- _Directions for this task_: Leave the pictures out and write out the rest of the listing word for word.

- _Dataset excerpt_:

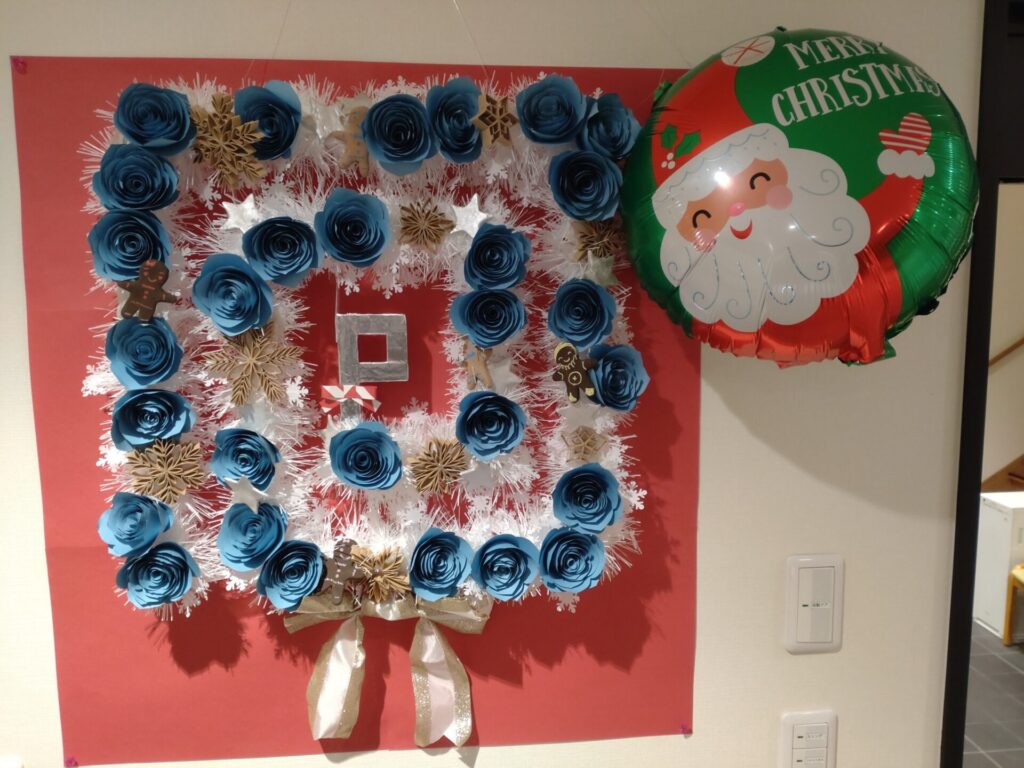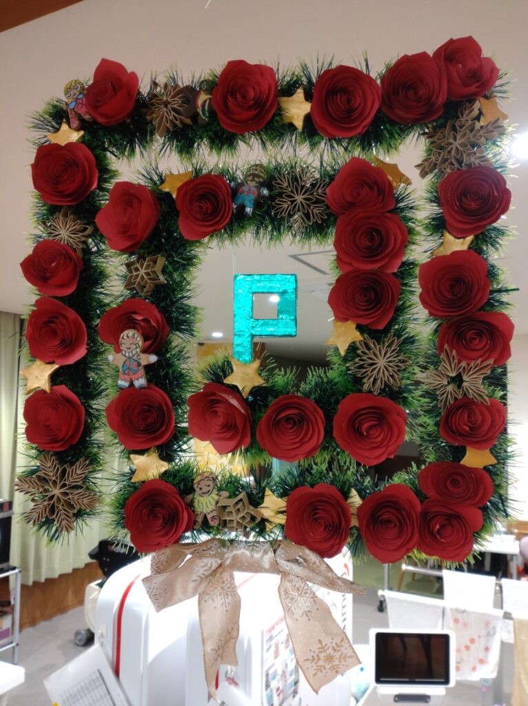 現在、約50cm四方の大型リースは、フロアを華やかに彩ってくれています。
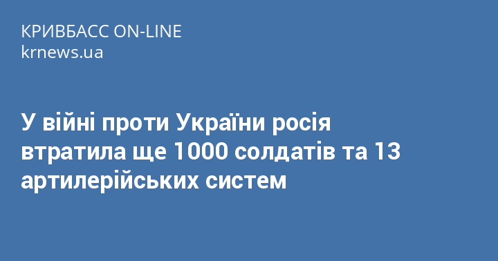 У війні проти України росія втратила ще 1000 солдатів та 13 артилерійських систем
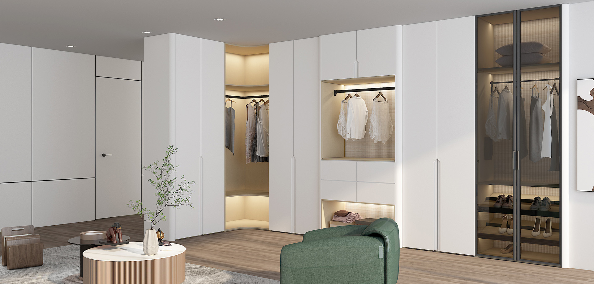 2.7米高度的衣柜增加智能升降衣桿,解決了衣柜過高問題。
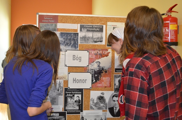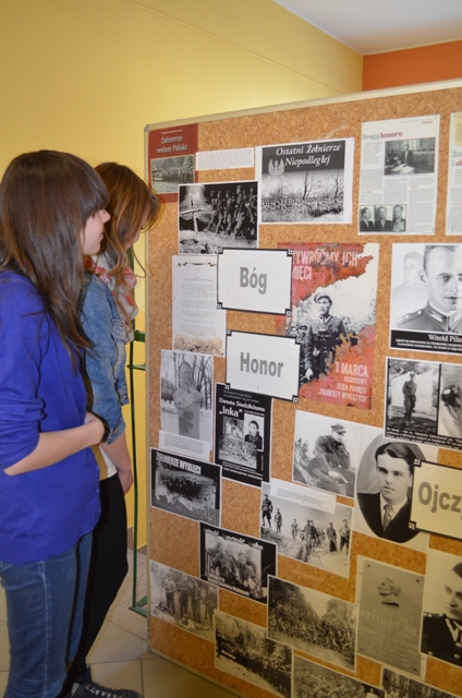 W lutym -nauczycielka historii- pani Barbara Urban wraz z uczniami liceum przygotowała Tablicę Upamiętniającą Żołnierzy Wyklętych. 28 lutego i 1 marca, uczniowie zapoznali się z filmami ukazującymi rozprawę komunistów i NKWD z Podziemnym Państwem Polskim, i jego żołnierzami. ("Żołnierze Wyklęci- Losy Niepokornych"- Fundacja AK, "Żołnierze Wyklęci" -reżyseria Joanna Maro). 8 marca, pani Barbara Urban, w prezentacjach zapoznała uczniów z sylwetkami Żołnierzy Wyklętych:

- _Answer for this exercise_:
 現在、約50cm四方の大型リースは、フロアを華やかに彩ってくれています。
 У війні проти України росія втратила ще 1000 солдатів та 13 артилерійських систем
 2.7米高度的衣柜增加智能升降衣桿,解決了衣柜過高問題。
 W lutym -nauczycielka historii- pani Barbara Urban wraz z uczniami liceum przygotowała Tablicę Upamiętniającą Żołnierzy Wyklętych. 28 lutego i 1 marca, uczniowie zapoznali się z filmami ukazującymi rozprawę komunistów i NKWD z Podziemnym Państwem Polskim, i jego żołnierzami. ("Żołnierze Wyklęci- Losy Niepokornych"- Fundacja AK, "Żołnierze Wyklęci" -reżyseria Joanna Maro). 8 marca, pani Barbara Urban, w prezentacjach zapoznała uczniów z sylwetkami Żołnierzy Wyklętych:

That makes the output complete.